Several other known interactors (IkBβ, p100, and IRF7) contain the YDDΦxΦ consensus motif. Using ITC and synthetic peptides based on the consensus motif in each interactor, Li et al showed that all the peptides interacted with IKKα, indicating a common mechanism of interaction between these proteins. In contrast IKKβ only interacted with IkB derived peptides (i.e. IkBα and IkBβ, not p100 and IRF7), indicating subtle variations in the binding specificities of the two catalytic subunits.

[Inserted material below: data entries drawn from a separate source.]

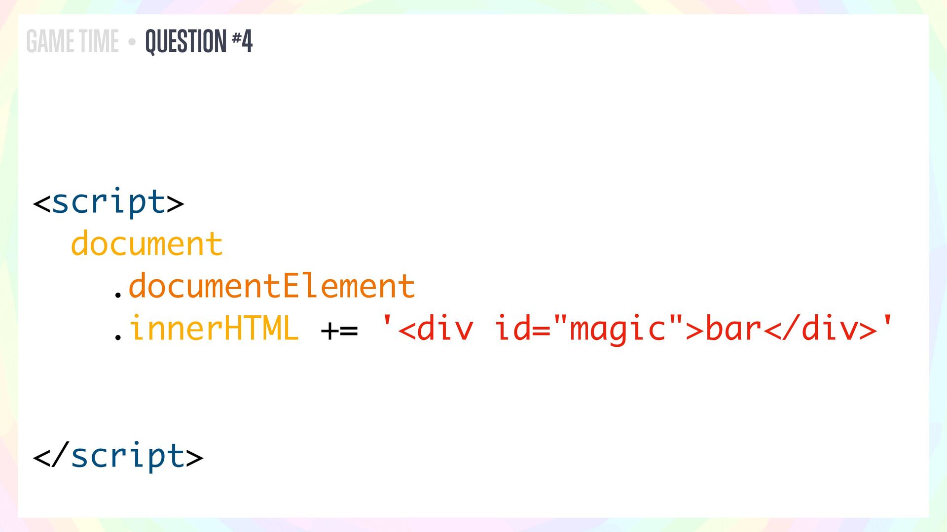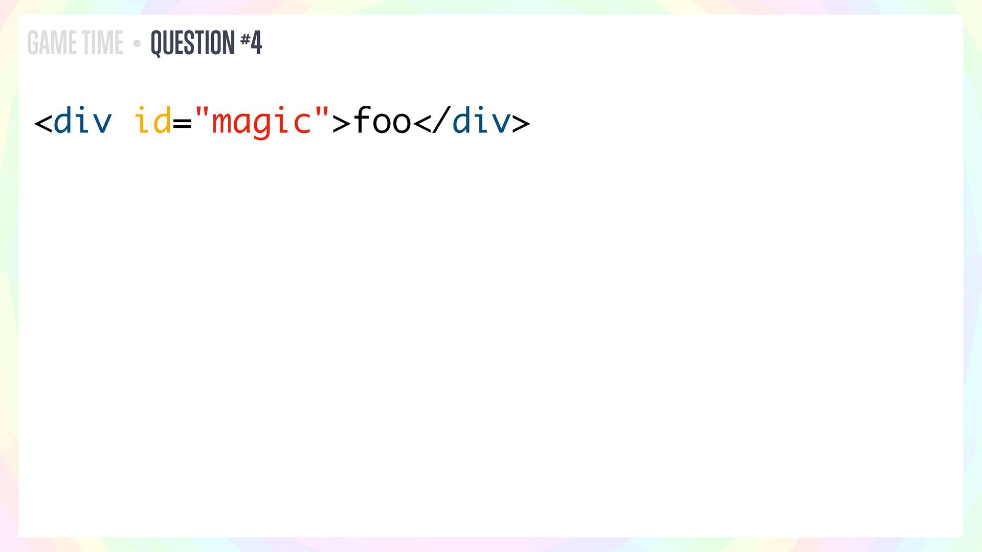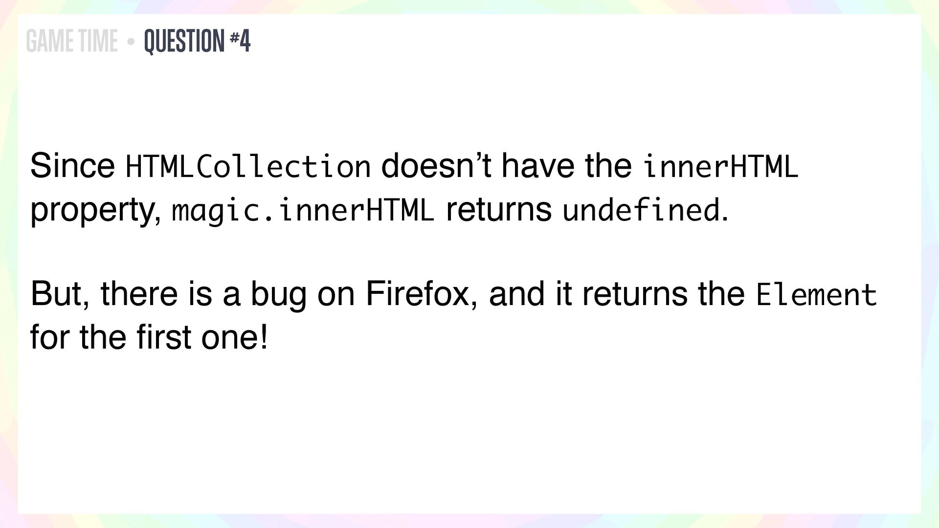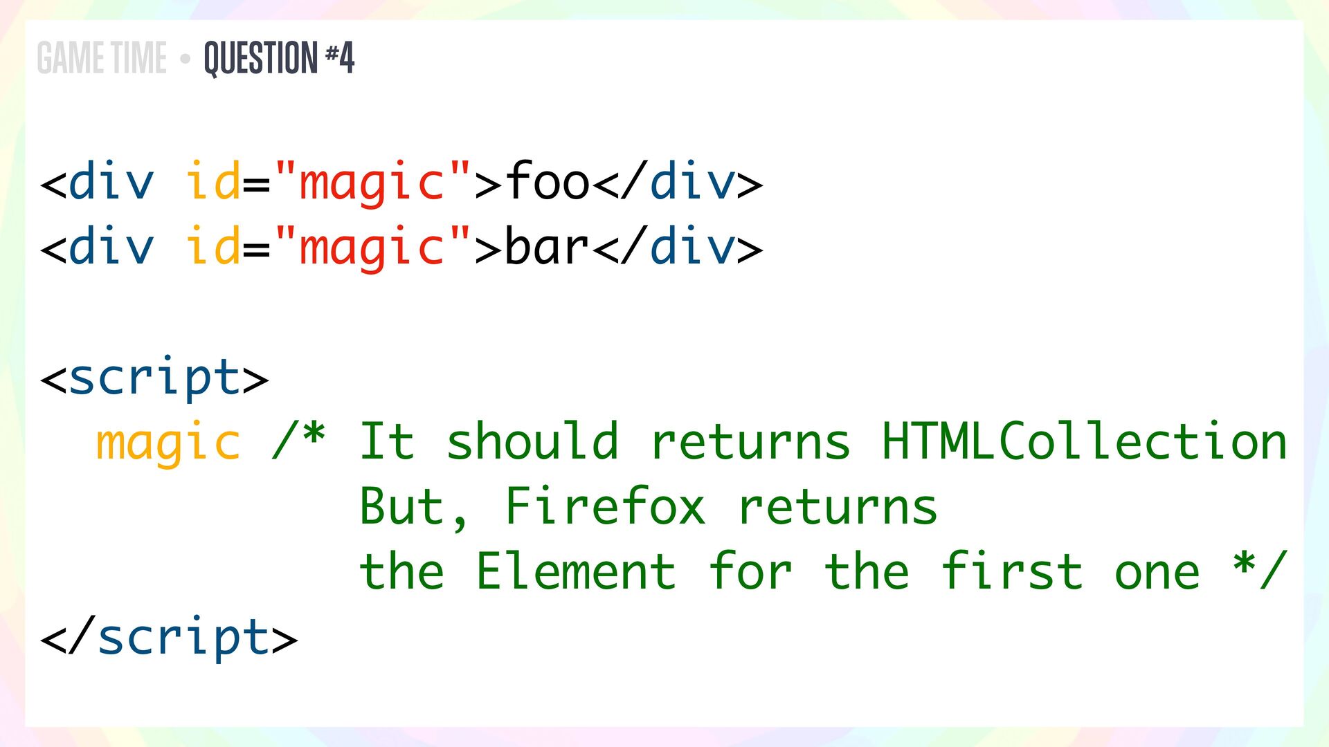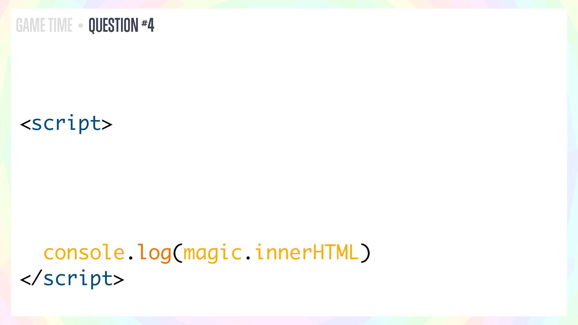 In this talk, I’ll present a series of JavaScript and HTML riddles full of mystery, and walk through each one step by step.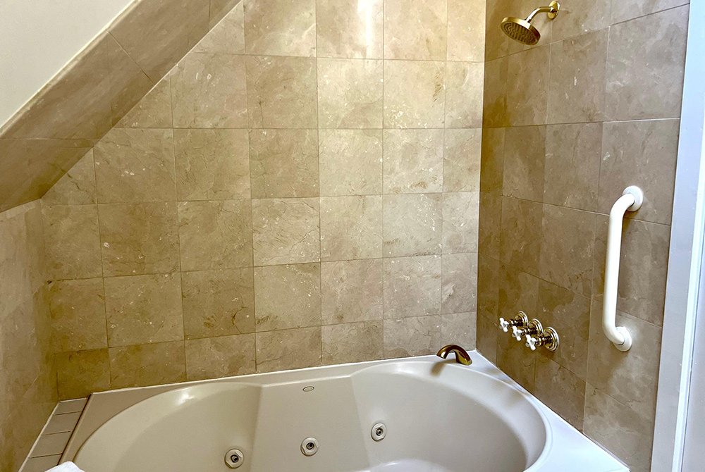 This bright second-floor room features two queen-size beds and a private bathroom with a whirlpool tub, offering plenty of natural light. You’ll find a flat-screen TV, USBs, and a mini-fridge in the room. Please note, this room is not accessible through the main house; access is via a separate entrance.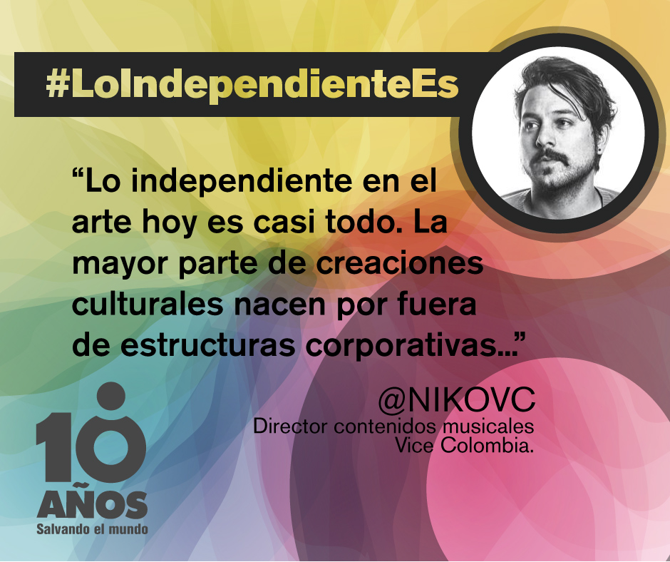 Lo independiente en el arte hoy me parece que es casi todo, porque la mayor parte de creaciones culturales nacen por fuera de estructuras corporativas o por fuera de apoyo financiero que les permitan o de las que dependan. Lo independiente nace desde la autogestión y eso es lo que estamos viviendo en la música.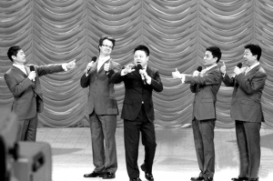 昨晚,央视2009年元宵晚会如期播出。由于是录播,所以“我最喜欢的春节联欢晚会节目”评选也已提前揭晓,《不差钱》拿下小品类一等奖,刘谦也夺得曲艺类一等奖(本报昨日已报道)。在元宵晚会上,小沈阳和刘谦的名字反复被众多明星提及,而刘谦、朱军更是模仿小沈阳的音调,引来阵阵笑声。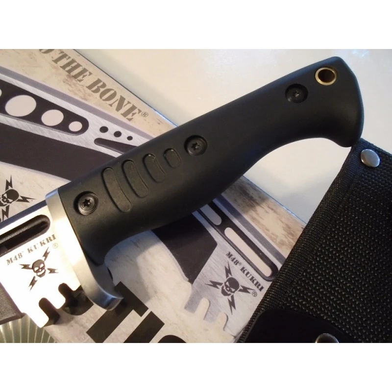Machette Gurkha United Cutlery M48 Kukri Ă lame fixe – Longueur totale 40.32cm – Longueur de lame 26.67cm – Construction d’une seule pièce full tang – Lame en acier 2Cr13 – Lame de type Kukri plain edge – Epaisseur de lame 5mm – Plaquettes du manche en TPR – Etui en fibre de nylon rigide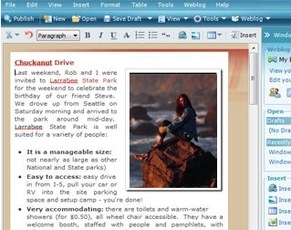 It also gives you drag and drop image support (see above). I'm planning to step up up posting on the myriad (yep, spell check works) of blogs I've started and abandoned, so this should keep me engaged for a while.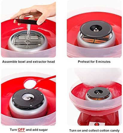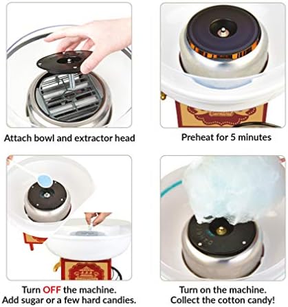 Una vez que te haces adicto al algodón de azúcar, sabes que tienes que seguir unos cuantos trucos para darle a tu especialidad una textura suave, impalpable y experta. Si echa un vistazo a los comentarios de los usuarios, verá que para obtener el mejor resultado no tiene que apurarse: es mejor dejar que esta completa máquina de algodón de azúcar funcione durante un par de minutos antes de añadir azúcar.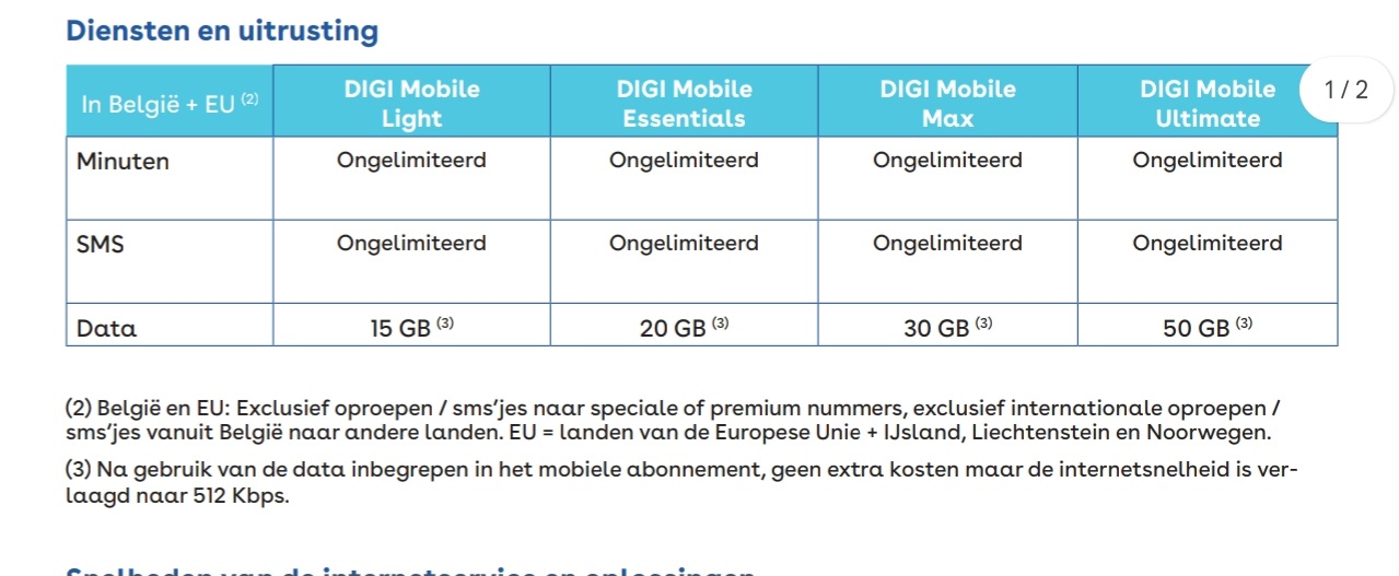 Je blijft op €5 zitten als ik het zo lees. Alleen na de 15GB surf je aan verlaagde snelheid. (of data bijkopen)boulder schreef: 11 dec 2024, 18:28 Ik vermoed dat ik met 15 Gb/maand ik bijna altijd zal voldoende hebben, waardoor ik bijna iedere maand zal besparen, die paar keer dat ik er wel over zal zitten, zal ik waarschijnlijk nog altijd onder de €14/maand zitten.

In summary Li et al reveal a novel SLiM recognised by IKK homo/heterodimers via a dimerisation dependent mechanism that is negatively regulated by SLiM phosphorylation. The authors also showed that synthetic peptides containing the C308L mutation block IκBα phosphorylation and degradation in cellulo, potentially highlighting a novel route to IKK inhibition in pathologies arising from NF-κB dysregulation. Instruct funded access to facilities at Instruct FR1 for insect cell expression and crystallisation trials provided the means for several of these experiments, whilst accessing the advanced ITC platform at IBMC Strasbourg enabled the authors to conduct important ITC experiments.
Principal investigator Katia Zanier said ‘It is always an enriching experience to interact with my colleagues at the INSTRUCT platforms in Strasbourg. Studying protein-protein interactions in signalling can be challenging due to the transient affinities and this is why we often need to combine several approaches. Hence, the access to the INSTRUCT infrastructure and to the know how of the platform scientists and engineers is vital for the success of this type of projects’.